Designing systems to minimize the number of group changes, particularly pre- and post-calving, is important to minimize the potential negative effects. In addition, research has also demonstrated that the stress effects of regrouping may be reduced by limiting stocking density of pens cows are introduced within, as well as introducing pairs of cows into new groups, particularly for primiparous animals.
Group composition. The parity composition of cows within groups is another potential stressor, particularly in the pre- and post-fresh periods. Researchers have demonstrated several behavioral differences of first-calf heifers as compared to mature cows. In particular, first-calf heifers in mixed-parity groups are competitively displaced from the feedbunk more often and have reduced lying time as compared to mature cows in those groups.
Given this situation, there are benefits in keeping first-calf heifers and mature cows in separate groups. Across various studies, it has been demonstrated that first-calf heifers housed separately from mature cows have greater eating time, DMI, production, and they experience lesser body weight loss and fewer ketosis treatments than those kept in groups mixed with mature cows.
Based on these data, it is recommended that first-calf heifers and mature cows are housed separately . . . both prior to calving and in early lactation . . . to ensure optimal health and production of those first-lactation cows. However, due to herd size and facility design constraints, this is not always possible. For those herds that do not, or are not able to, keep separate groups, it is important those co-mingled groups have more than adequate lying, feeding, and water space.
Lameness. In dairy cows, lameness is often the manifestation of pain originating from injury or infection in the hoof. It is generally accepted that lameness is a source of stress and pain in dairy cows. Likely related, lame cows have been demonstrated to exhibit reduced feeding time and DMI.

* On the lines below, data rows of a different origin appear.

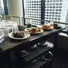 Had a group lunch here. Food was good; service okay. We were never asked what we wanted to drink. Table mate’s bread plate was removed before she finished eating. Started with a salad which was several leaves of romaine, one slice of tomato, a crouton and a bit of Parmesan . Pretty unimaginative. Entree was salmon served with asparagus. Both were very tasty and well cooked. Dessert was some sort of mousse which was pretty gross. Views from the 35th floor are killer.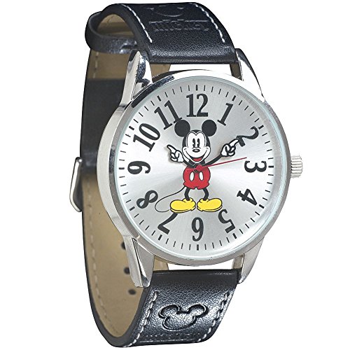 -. Binding : Apparel -. Brand : Disney -. Color : Black -. Department : unisex-adult -. EAN : 0660392826536 -. Feature : Mickey's gloved hands mark the hours and minutes. / Silvertone case and large face with oversized numbers. / Black leather band topstitched in white. / ImP.R.Inted with Mickey ears outline. / Face is 1.5" diameter. Band is 9" long. -. Label : Disney -. Manufacturer : Disney -. Model : 57008 -. MPN : 41546 -. PackageQuantity : 1 -. PartNumber : 41546 -. ProductGroup : Apparel -. ProductTypeName : ACCESSORY -. Publisher : Disney -. Studio : Disney -. Title : Disney Watch Mickey Mouse Jumbo Round Face Black Band Style -. UPC : 660392826536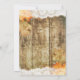 Um fundo de madeira rústica com folhas de outono e uma delicada borda de renda. O anúncio de salve a data faz parte de um conjunto completo de convites de casamento.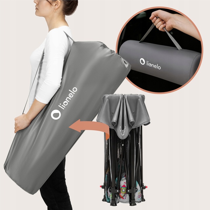 Χάρη στον εύκολο και γρήγορο μηχανισμό συναρμολόγησης και αποσυναρμολόγησης χωρίς εργαλεία, το παρκοκρέβατο διπλώνει σε συμπαγές μέγεθος, αποθηκεύεται εύκολα και μεταφέρεται άνετα. Η ελαφριά κατασκευή και η τσάντα μεταφοράς που περιλαμβάνεται το καθιστούν ιδανικό για διακοπές, επισκέψεις ή μετακίνηση μέσα στο σπίτι.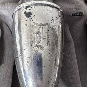 Condition is consistent with age, showing surface tarnish and patina. No dents, cracks, or repairs observed. Threads function properly. Monograms remain crisp.

Lameness in transition cows is especially troubling. Cows that are lame, particularly during the dry period, are at greater risk of developing transition diseases. One risk factor for lameness is low body condition and/or excessive body condition loss. Therefore, lameness during the transition period may not only reduce DMI and raise the risk of health challenges postcalving, but also be resultant of any health challenges that may occur at that time. Therefore, all efforts should be made to mitigate the risk of lameness, including but not limited to: proper hoof care, minimizing excessive inactive standing, and improved nutritional management, particularly through the dry period.